**Task prompt**
Your job is to return the whole listing unchanged while skipping its images.

**Exercise data**
┌──

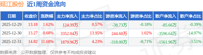 资金流向数据方面,本周延江股份主力资金合计净流入5356.39万元,游资资金合计净流出112.14万元,散户资金合计净流出5244.26万元。本周资金流向一览见下表:
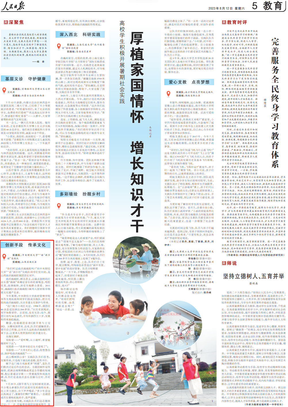 2023年8月12日,在《人民日报》刊发的文章《厚植家国情怀 增长知识才干 (深聚焦)》和共青团中央发布的公众号文章《大学生暑期社会实践,原来可以这么干……》中,永利集团官网“‘语’润乡村”社会实践团队均获得到了报道关注。
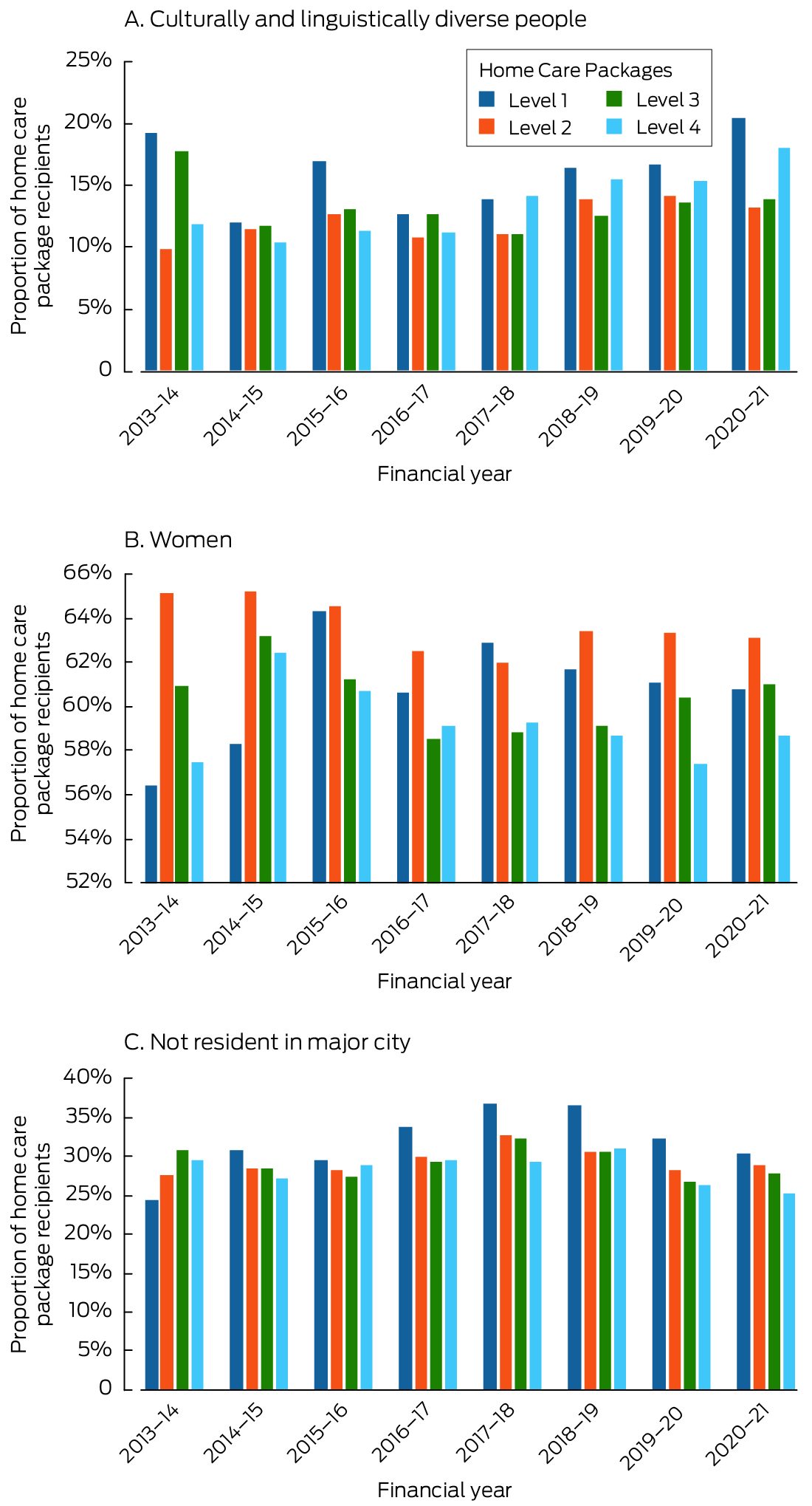 The proportion of HCP recipients aged 65–74 years increased from 16.0% in 2013–14 to 17.8% in 2020–21, the proportion aged 75–84 years was similar in both years (41.9% v 42.0%), and the proportion aged 85 years or older declined from 42.1% to 40.2% (Box 2, Box 3). The proportion of women declined from 63.2% to 61.5%, that of culturally and linguistically diverse recipients rose from 10.8% to 16.2%, and the proportion of recipients living outside major cities rose slightly, from 28.1% to 28.7% (Box 2, Box 4). The proportion of recipients living outside major cities increased for lower care levels between 2013–14 and 2020–21 (level 1, from 164 of 669, 24.5% to 6385 of 20 997, 30.4%; level 2: from 6296 of 22 766, 27.7% to 6930 of 24 038, 28.8%), but declined for higher care level HCPs (level 3, from 367 of 1191, 30.8% to 4165 of 14 973, 27.8%; level 4: from 1922 of 6493, 29.6% to 2007 of 7959, 25.2%) (age‐ and sex‐standardised rates: Supporting Information, table 5). The distribution pattern for recipients living outside major cities (increased shares of lower care levels and reduced shares of higher care levels) was also evident for HCPs in aged care planning regions in the socio‐economically most disadvantaged quintile (Supporting Information, figure 1 and table 6).

└──

**Solution to this exercise**
 资金流向数据方面,本周延江股份主力资金合计净流入5356.39万元,游资资金合计净流出112.14万元,散户资金合计净流出5244.26万元。本周资金流向一览见下表:
 2023年8月12日,在《人民日报》刊发的文章《厚植家国情怀 增长知识才干 (深聚焦)》和共青团中央发布的公众号文章《大学生暑期社会实践,原来可以这么干……》中,永利集团官网“‘语’润乡村”社会实践团队均获得到了报道关注。
 The proportion of HCP recipients aged 65–74 years increased from 16.0% in 2013–14 to 17.8% in 2020–21, the proportion aged 75–84 years was similar in both years (41.9% v 42.0%), and the proportion aged 85 years or older declined from 42.1% to 40.2% (Box 2, Box 3). The proportion of women declined from 63.2% to 61.5%, that of culturally and linguistically diverse recipients rose from 10.8% to 16.2%, and the proportion of recipients living outside major cities rose slightly, from 28.1% to 28.7% (Box 2, Box 4). The proportion of recipients living outside major cities increased for lower care levels between 2013–14 and 2020–21 (level 1, from 164 of 669, 24.5% to 6385 of 20 997, 30.4%; level 2: from 6296 of 22 766, 27.7% to 6930 of 24 038, 28.8%), but declined for higher care level HCPs (level 3, from 367 of 1191, 30.8% to 4165 of 14 973, 27.8%; level 4: from 1922 of 6493, 29.6% to 2007 of 7959, 25.2%) (age‐ and sex‐standardised rates: Supporting Information, table 5). The distribution pattern for recipients living outside major cities (increased shares of lower care levels and reduced shares of higher care levels) was also evident for HCPs in aged care planning regions in the socio‐economically most disadvantaged quintile (Supporting Information, figure 1 and table 6).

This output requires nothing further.